I had a consult with a plastic surgeon last year who told me there was nothing to be done. So I've had to let it go and try to accept what I cannot change. Like you, I have tried the silicone scar sheets and gel. I've also used bio oil to see if the redness would fade. Only time will tell.

MTTA
MTTA
in reply to Shellsbutt

Hi Shell. I know how it seems such a bad luck to have been trough an initial trauma and get it worse by some poorly decisions. In my case was to trust my dermatologist who burned me with laser over my scars... I'm 3x worse than i initally was. In your case it was the aftercare instructions. I was too advised to massage (when i was stitched initially) but personally i think it was making it worse. I think massage should not be advised at least one month after trauma/surgery so the tissues involved can be partially healed. You must not feel guilty for it because you were only following directions. And it could be only an excuse from your doctor.

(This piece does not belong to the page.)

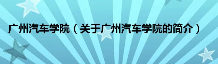 本文關于廣州汽車學院的簡介就講解完畢,希望對大家有所幫助。

The silicone sheets maybe more appropriate to your case.

In that "Quietchiblog" i noticed that with the years go by the graft had turned smaller, merging with the periphereal skin and leveling up to some degree.

How much time are you applying silicone therapy?

I've heard bio-oil doesn't do anything to scars.

I was recommended to apply castor oil but i tought it was turning the scars even more red.

Have you considered fractional laser therapy? I should not advise anyone to get laser because i was burned by it, but the fact is that in raised tissue it seems to work well and to me it only happened because the doctor didn't set the laser well.